There have also been favorable results in treating BRCA1/2 patients with platinum chemotherapy agents. Patients with BRCA mutations have deficiencies in DNA repair which may be more sensitive to platinum agents which result in crosslinking of DNA. In the metastatic setting, patients with BRCA1/2 mutations receiving carboplatin had greater response and improved progression-free survival compared to patients treated with docetaxel [19]. One neoadjuvant study found a pathological complete response rate of 61% in patients with BRCA1 mutation who were treated with neoadjuvant cisplatin [20]. However, in a recently published secondary analysis of the GeparSixto trial, there was no additive benefit to adding carboplatin to neoadjuvant chemotherapy in patients with a BRCA1/2 mutation [21]. In this subgroup analysis, BRCA1/2-mutated patients had a high pathological complete response rate after receiving neoadjuvant anthracycline [16 of 24 (66.7%)] which was not significantly increased by adding carboplatin [17 of 26 (65.4%)] [21]. A previous study reported also reported a high pathological complete response rate of 45.6% in BRCA1 mutation carriers receiving neoadjuvant anthracyclines and taxanes alone [22]. More studies are needed to determine the efficacy of carboplatin in patients with BRCA1/2 mutations. One ongoing trial randomizes BRCA1/2-positive patients to receive cisplatin versus standard of care doxorubicin and cyclophosphamide in the neoadjuvant setting (ClinicalTrials.gov Identifier: NCT01670500).

There are several strengths of this current study. Patients were limited to early-stage disease, and patients with stage III disease were excluded. This reduces any potential confounding for patients with more aggressive disease who may receive neoadjuvant chemotherapy to downsize disease prior to surgery. The study is also, to the best of our knowledge, the first to include a large cohort of BRCA-positive patients.

There are some limitations of the current study as well. As patients were not prospectively randomized to treatment arms, there may be an underlying selection bias. Although the majority of the patients received an anthracycline- and taxane-based regimen, there were variations in chemotherapy regimens delivered. However, there was no statistically significant difference between overall survival and disease-free survival when controlling for age, race, stage, type of chemotherapy regimen, or type of surgical therapy.

Another limitation is the relatively small sample size, even though this is the largest cohort of BRCA1/2 mutation carriers analyzed for this comparison. In matched analyses, we observed a hazard ratio of 1.25 (95% CI 0.336–4.655) for patients treated with neoadjuvant compared to those treated with adjuvant regimes. With the sample size and the observed proportions of deaths for both treatment groups, a two-sided test of whether the hazard ratio was one would achieve around 80% power at a 0.05 significance level when the study population hazard ratio is actually 3.89 (PASS 13 Power Analysis and Sample Size Software).

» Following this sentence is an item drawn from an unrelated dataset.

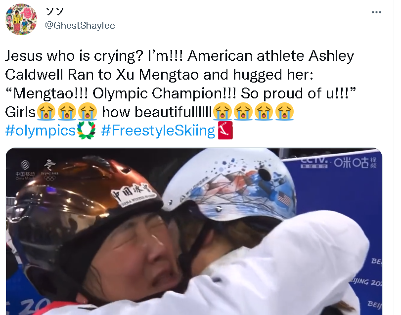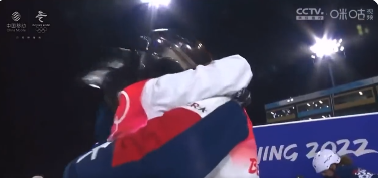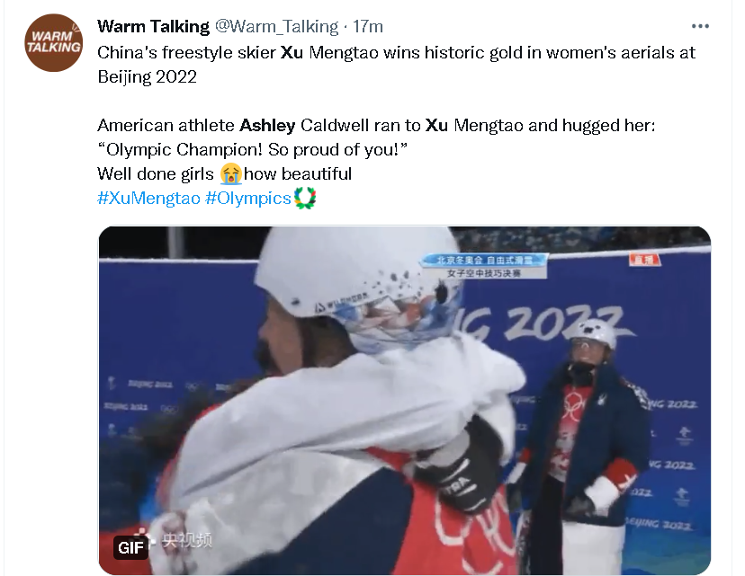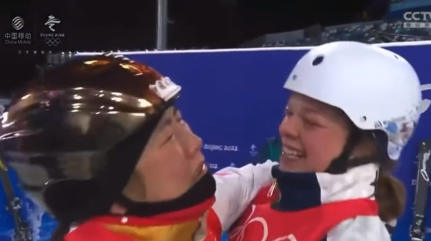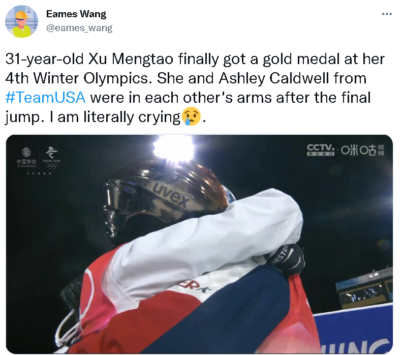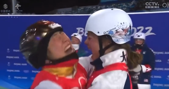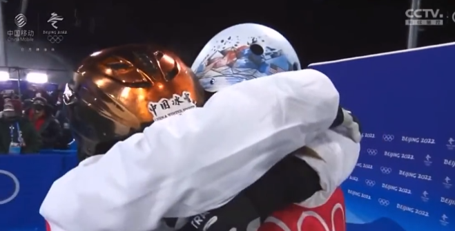 不过,就在许多人为这位已经拼搏了4届奥运会终于实现了自己体育梦想的32岁女运动员而欢呼时,不少来自中国以及外国的网民,还被徐梦桃与美国选手阿什利·考德威尔(Ashley Caldwell)在赛后的一个动作所深深感动了。

It is anticipated that the power will decrease if the study population hazard ratio is smaller, which might not be detected due to the relatively small sample size and is a limitation of the study [23]. The matched analysis, however, found no statistically significant difference for overall survival or disease-free survival between the two groups of patients.

While these limitations may account for the lack of difference in outcomes between neoadjuvant and adjuvant, the most likely reason is that there is too little difference between timing of chemotherapy between the two approaches, especially when viewed in the context of the overall clinical course of primary breast cancer.

In conclusion, neoadjuvant versus adjuvant resulted in similar disease-free survival and overall survival among patients with stage I and II triple-negative breast cancer regardless of BRCA status, similar to the prior larger randomized controlled study. At this time, both adjuvant and neoadjuvant are viable options for this patient population. Further studies are needed to evaluate whether similar results are observed with newer agents, such as platinums, PARP inhibitors, and other targeted agents in patients with triple-negative breast cancer and BRCA germline mutations.